Vita Activa, или О деятельной жизни — страница 71 из 81

Во всяком случае, исходный опыт, приведший к перевертыванию соотношения между теорией и практикой, был чисто теоретический: выявилось, что человеческая жажда знания может быть утолена лишь когда он, вместо того чтобы просто вглядываться, вмешивается и экспериментирует с вещами, делом своих рук. Не интерес к истине или знанию исчез, но распространилось убеждение, что истина раскроется лишь такому вмешательству, а не всматриванию. В конце концов, именно прибор, изготовленный человеком телескоп вырвал у природы, у универсума их тайны. И когда налицо были пока еще лишь первые результаты этого нового вторгающегося исследования, представились еще более веские основания признать за деланием приоритет перед созерцательным наблюдением. А именно, когда бытие и явление разделились в том смысле, что от истины уже так сказать больше не ожидали выступания в явленность, соотв. самопоказывания и обнаружения перед внутренним оком созерцателя, познавательная способность человека была прямо-таки поневоле вынуждена выискивать и выслеживать истину за пределами обманчивых явлений. При таких обстоятельствах пассивное наблюдение и чистое созерцание заранее исключались как средства познания. Чтобы достичь достоверности, приходилось искать пути и средства ее удостоверения, а чтобы познавать, необходимо было что-то делать. Достоверность опять же могла существовать лишь при двояком условии: во-первых, дело должно было идти лишь о познании вещей, которые человек сделал сам, – что автоматически вело к утверждению математического познания, оперирующего лишь с величинами, находимыми разумом в самом себе, в его законодательном гносеологическом статусе; а во-вторых, добытые познания со своей стороны опять же могли быть верифицированы лишь во вторгающемся делании.

С этой активизацией точных наук возникла концепция истины, которая уже не имела ничего общего со старым философским понятием истины. Научная истина не обязательно должна быть вечной, она уже не обязана быть даже понятна, т. е. доступна человеческому разуму как таковому. Прошли годы, прежде чем были поняты и разработаны в полноте своих последствий все импликации этой новоевропейской аксиоматики. Если от человека закрыто познание того, что не он сам сделал, то ему не приходится ожидать, что науки о природе и универсуме, им явно не сотворенных, могут ему сообщить что-то для него действительно понятное. Благодаря бесстрашному вмешательству и вторжению в природу ему может быть удастся разузнать, как осуществляются природные процессы, что опять же может дать ему возможность имитируя воспроизвести эти процессы, но отсюда не следует что он в состоянии их осмысленно понять или хотя бы надеяться на такое понимание. Никакое сверхразумное, якобы божественное откровение и никакая сколь угодно темная философская истина никогда не бросали понимающей способности человеческого разума такого явного вызова, как результаты современной науки. Тут действительно остается лишь сказать вместе с Уайтхедом: «Небесам ведомо, какая кажущаяся нелепость не может завтра быть доказана как истина»[391].

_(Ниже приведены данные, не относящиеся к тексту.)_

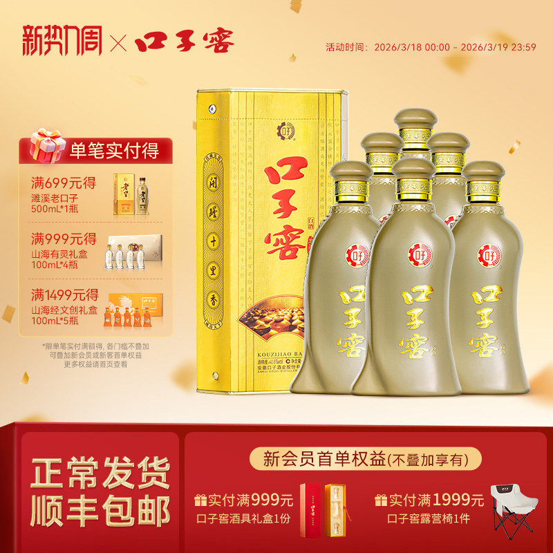 口子窖6年型41度450mL*6瓶 六年型安徽白酒整箱送长辈 官方旗舰店
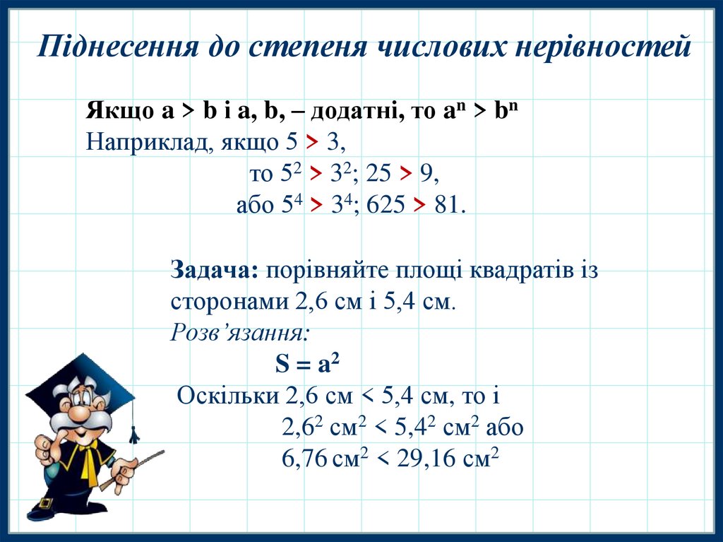 Піднесення до степеня числових нерівностейЯкщо a > b і a, b, – додатні, то an > bn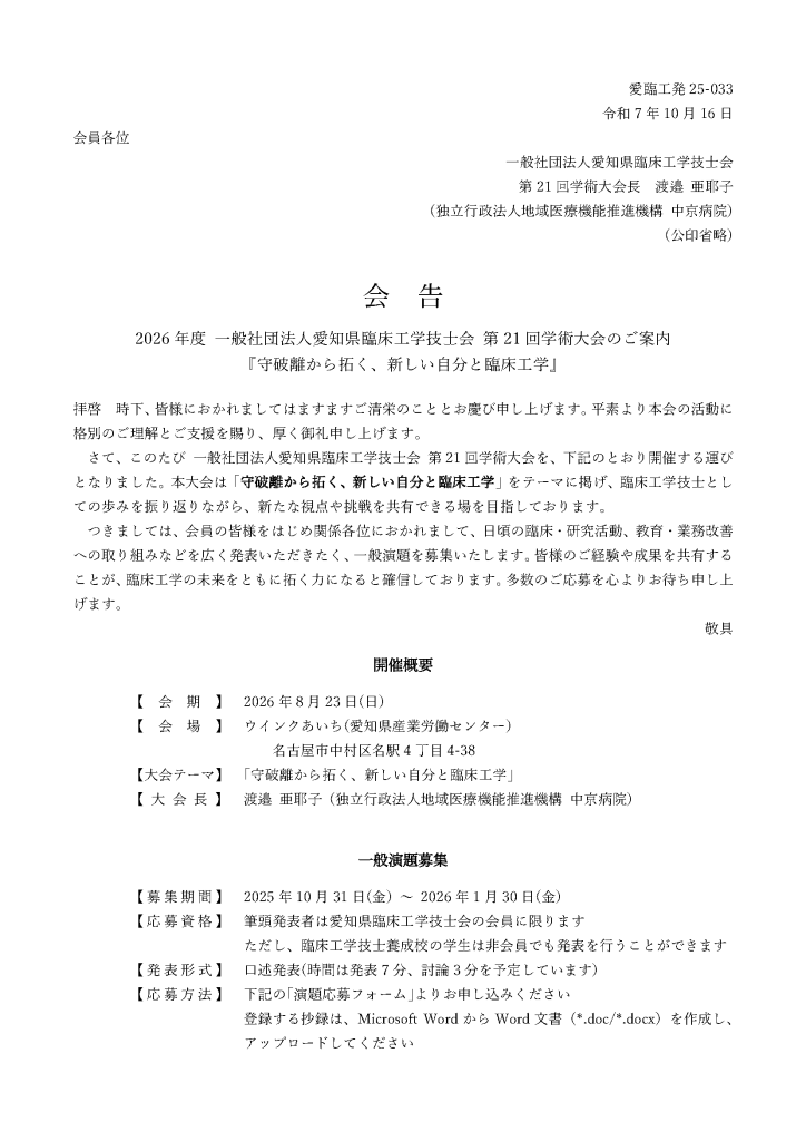 2026年度 一般社団法人愛知県臨床工学技士会 第21回学術大会のご案内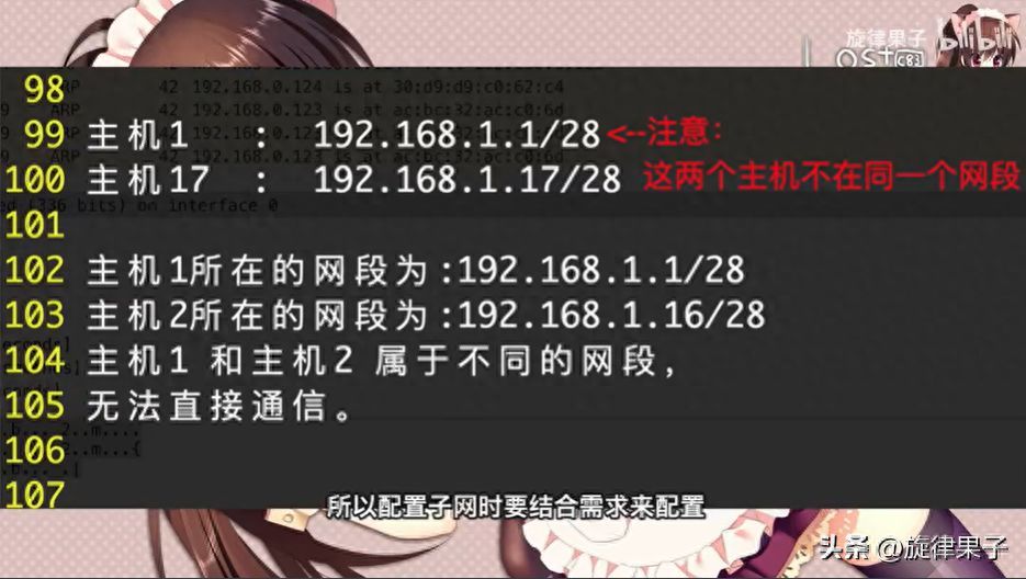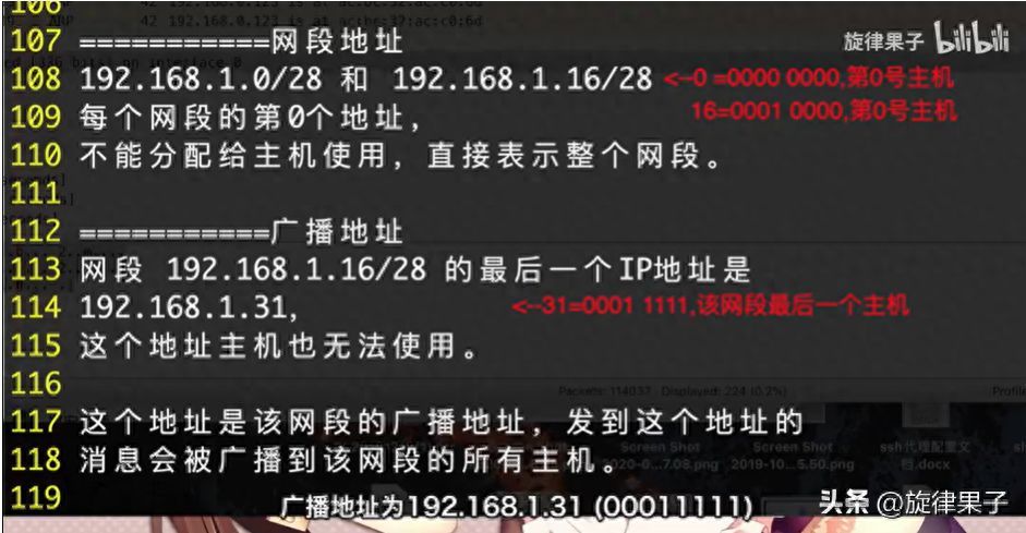 如192.168.1.17/28(00010001)这个主机地址所在的网段为192.168.1.16/28(00010000),广播地址为192.168.1.31 (00011111)。我们常用的192.168.1.1/24,所在的子网地址是192.168.1.0/24,广播地址为192.168.1.255(11111111)。

Глубокие изменения в человеческом образе мысли, происшедшие в семнадцатом веке, в действительности еще намного более радикальны чем следовало бы ожидать от простого перевертывания традиционного порядка теории и практики, созерцания и действия. А именно, само опрокидывание затрагивает лишь соотношение между мыслью и действием, тогда как теория в исходном смысле созерцания увиденной истины была целиком и полностью элиминирована. А мышление и созерцание конечно никоим образом не одно и то же. Для традиции мышление было внутренним самодвижением в мыслительных ходах и как таковое прямейшим и надежнейшим путем, в своем завершении приводившим наконец к контемпляции, созерцанию чего-то истинного. Мышление после Платона, а может быть и после Сократа расценивалось как внутренний диалог, в котором человек может беседовать с самим собой (ἐμὲ ἑμαυτῷ, как это называется в платоновских диалогах); и хотя этот диалог не выступает вовне в явленность, причем даже предполагается, что все обращенные вовне занятия и движения приостановлены, однако он всё-таки еще деятельность, и даже крайне интенсивная деятельность. Внешняя неподвижность мыслящего не имеет ничего общего с той абсолютной пассивностью, той полной тишиной, когда как раз внутренний диалог со мною самим умолкает и когда, в согласии с традицией, подготовлены предпосылки для самоявления истины. Рассматривая философию как служанку богословия, средневековая схоластика могла с известным правом апеллировать к Платону и Аристотелю, которые оба, хотя и в совершенно различном смысле, видели в диалогическом мышлении лишь путь, на котором душа и дух готовятся для созерцания истины, лежащей собственно за пределами всякого мыслящего говорения или говорящей мысли и потому уже не могущей быть воспринятой в словах. Слова, как пишет Платон, слишком «слабы» для истины, которая поэтому вообще не может быть уловлена в речи[392], и Аристотель определил верховную силу человека, νοῦς, как способность, в которой показывает себя то, «о чём λόγος’а нет»[393].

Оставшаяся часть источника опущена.